Box. Measurable Social Determinants of Brain Health for New Normative Approaches.
Domain | Characteristics |
---|---|
Nativity and acculturation | Country of origin, age of immigration, reason for immigration, familiarity with testing environment |
Language | Primary language, English language proficiency, multilingualism |
Education | Total years of education, parents’ total years of education, education quality, school characteristics, country of education |
Literacy | Ability to read/write/count, health literacy |
Psychosocial stress | Perceived discrimination, early life adversity, stereotype threat |
Occupationa | Occupational complexity and prestige, occupational stability, occupational stress |
Economic and financial statusb | Household income, financial strain, housing and food security, access to healthcare |
Residential characteristicsb | Urban/rural residence, neighborhood characteristics, social cohesion |
Measured at midlife and current
Measured at childhood, midlife and current
Even with the best norms, the diagnosis of cognitive disorders should not be decided based on a plug-and-play formula of cognitive test scores.

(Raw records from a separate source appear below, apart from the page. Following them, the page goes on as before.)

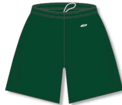
AS1700 - Dark Green
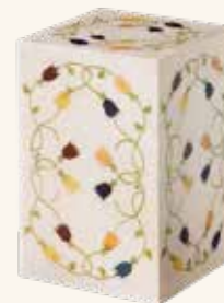
Alexandra Vertical Flower Inlay* (8-116V)
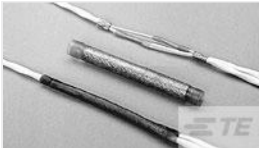
TE Part #544155-000 D-150-9133
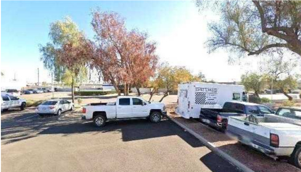
East valley strength and conditioning street view 360deg
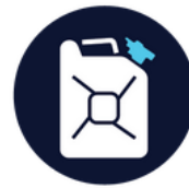
CÓMO ALMACENAR COMBUSTIBLE
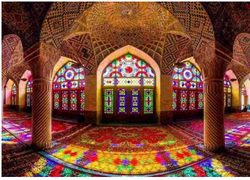
Nasir Al Molk Mosque(Fars province-Shiraz)
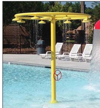
Misty Spray Circle Model 1800-96
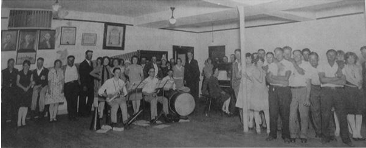
Basement, Memorial Legion Hall, Minnewaukan North Dakota. Benson County Farmer's Union , week of June 23, 1930, page 8

“He’s already left mother. He said that they’d have to throw the food away if he didn’t deliver it to somebody and that they won’t charge the Steins. Maybe you can do Mrs. Steins’ hair for free next time she comes over. But we’ll remind Noel when we see him again too. You’ll remind him, won’t you Veronica?”
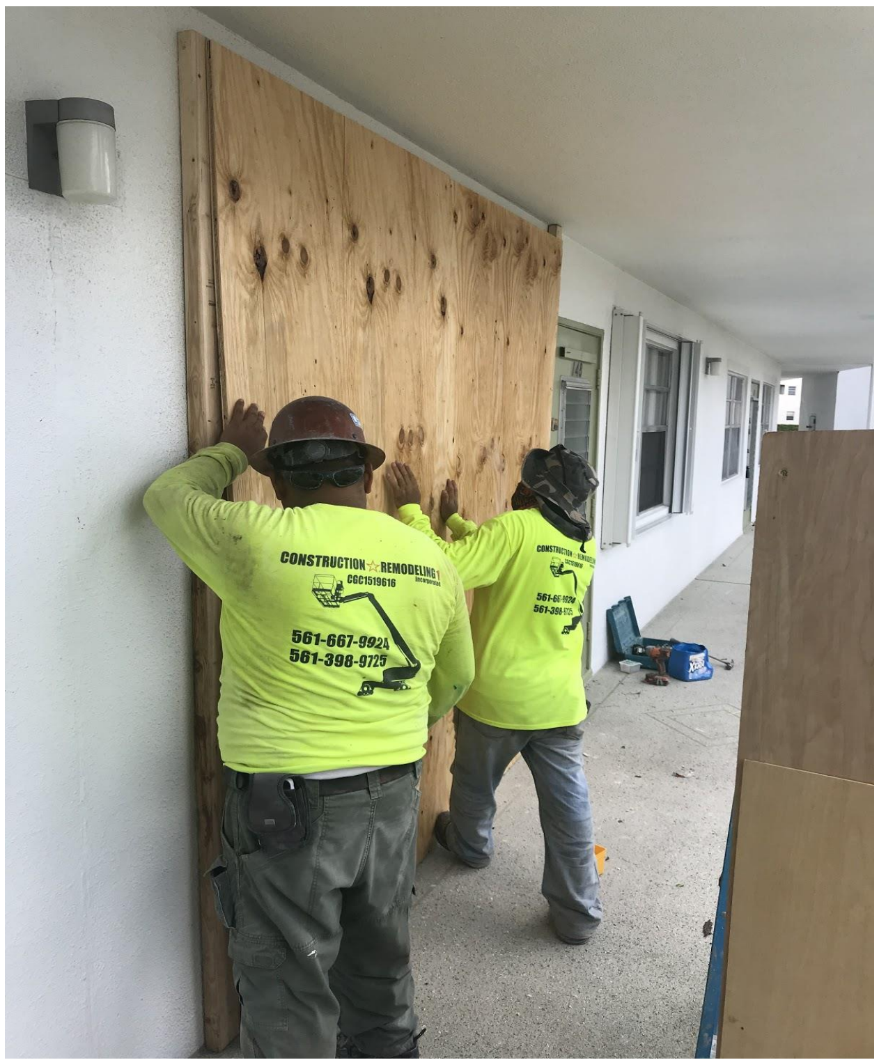
WELLINGTON SECTION- CONSTRUCTION AND REMODELING 1 MADE TEMPORARY REPAIRS TO WALL AND DOOR, ALLOWING THE UNIT OWNER TO REMAIN IN HER UNIT.
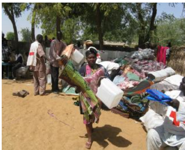
Photo above: Cameroon Red Cross volunteers distributing emergency relief items to refugees.

Summary: The CRCS has been operational since the start of the refugee influx, and with the support of the International Federation, is managing to increase its responsibility and effectiveness to deliver the planned assistance. Red Cross staff and volunteers have distributed emergency relief materials including food and non-food items, and provided vital support in the transfer of refugees to the Maltam refugee camp (located some 30 kms from Koussari town and planned to operate at least until June) where some 8,000 refugees are currently accommodated. An estimated 30,000 refugees have reportedly decided to voluntarily return to N'Djamena. Maltam camp is regarded as prone to flooding and is
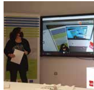
II Scientific meeting Discover cultural landscapes. Tenerife, July 2021.
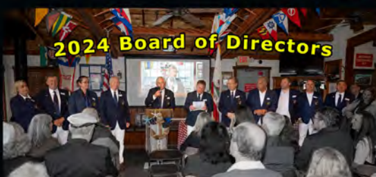
2024 Board of Directors
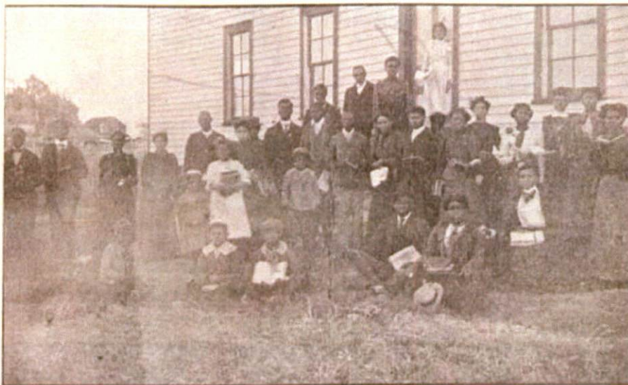
FACULTY AND STUDENTS.

Rather, diagnosis should be based on expert clinical judgment following a comprehensive evaluation of clinical history, changes in the patient’s function, neurological exam findings, laboratory findings, and social context. Furthermore, changes in personality and behavior that are very commonly part of the dementia syndromes that follow repeated head trauma8 are often not captured on standard cognitive testing yet can be far more disabling for patients and troubling for caregivers than deficits in cognition.
In the U.S., a long history of structural racism and discrimination practices, including unequal distribution of resources, has disfavored Blacks and led to enduring socioeconomic and health inequities. The use of race-norms to determine monetary compensation perpetuates this problem. Perhaps most dangerously, their use may be misunderstood by some scientists, clinicians, and the public as evidence that race is a scientific entity. Advances in the inclusion of diverse populations in research and the measurement of social determinants of brain health provide new opportunities for a precision medicine approach to normative standard adjustments.